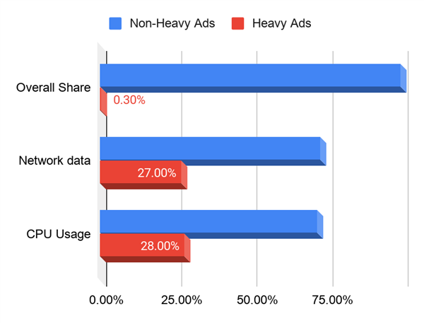 但这0.3%的广告占用了整个广告27%的网速,和28%的CPU使用率,堪称害群之马。
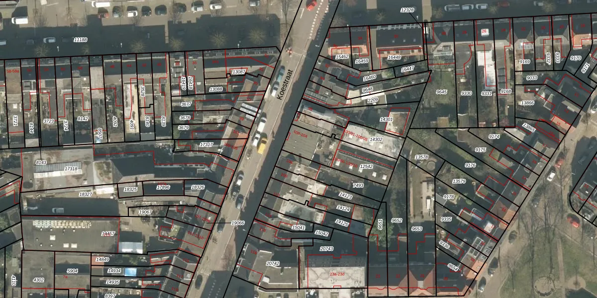 Het perceel waarop Koestraat 104 staat heeft een oppervlakte van 357 m². Dit is een groot perceel. De perceeloppervlakte wordt geregistreerd door het Kadaster. Gedetailleerde informatie over de maten van dit perceel kunt u vinden in het rapport Kadastrale kaart met maatvoering van Koestraat 104.
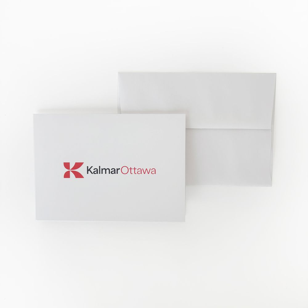 Logoed 5 X 7 Kalmar Ottawa Notecard with blank inside and blank envelope.
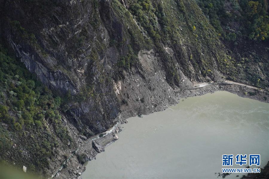 10月20日,西藏雅魯藏布江米林縣堰塞湖自然過流后,露出損毀的道路。 10月19日13時(shí)30分,西藏雅魯藏布江米林縣堰塞湖開始自然過流。記者從應(yīng)急管理部牽頭的聯(lián)合工作組獲悉,截至20日7時(shí),雅魯藏布江堰塞湖壩前水位已下降56米,估算留存水量1.6億立方米,堰塞湖洪水威脅得到緩解,防洪安全風(fēng)險(xiǎn)大大減輕,并將繼續(xù)降低。 10月20日,記者乘坐直升機(jī)從空中拍攝了雅魯藏布江堰塞湖自然過流的畫面。 新華社記者普布扎西攝
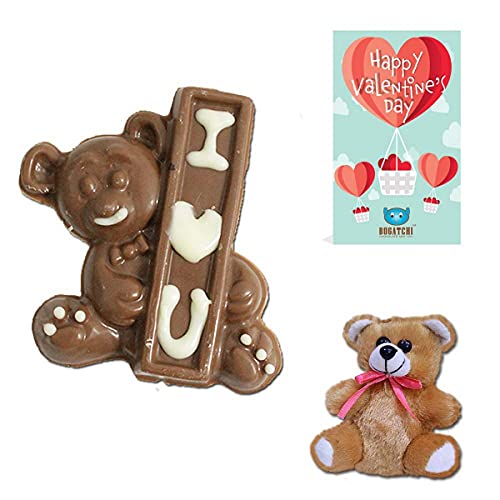 BOGATCHI Love Chocolate Teddy Best Valentine Day Chocolate Gift for Girlfriend- Boyfriend- Husband-Wife50g + Free Valentines Day Cards and Teddy
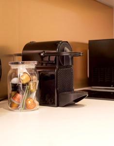 Uvnitř studia najdou hosté jednu postel doplněnou rozkládacím gaučem a posezení vhodné pro relaxaci či práci s pracovním stolem a skříní pro uskladnění věcí. Kuchyňský kout je vybaven moderními spotřebiči jako varná deska, lednice, mikrovlnná trouba, toustovač, kávovar a elektrická konvice spolu s kuchyňským nádobím i jídelním stolem pro pohodlí.

###

**ABOUT THIS EXERCISE:** Skip all pictures. Write out only the lines from the one containing "BOGATCHI Love Chocolate" to the end of the listing above, inclusive, exactly as given.

**EXERCISE OUTPUT:**
 BOGATCHI Love Chocolate Teddy Best Valentine Day Chocolate Gift for Girlfriend- Boyfriend- Husband-Wife50g + Free Valentines Day Cards and Teddy
 Uvnitř studia najdou hosté jednu postel doplněnou rozkládacím gaučem a posezení vhodné pro relaxaci či práci s pracovním stolem a skříní pro uskladnění věcí. Kuchyňský kout je vybaven moderními spotřebiči jako varná deska, lednice, mikrovlnná trouba, toustovač, kávovar a elektrická konvice spolu s kuchyňským nádobím i jídelním stolem pro pohodlí.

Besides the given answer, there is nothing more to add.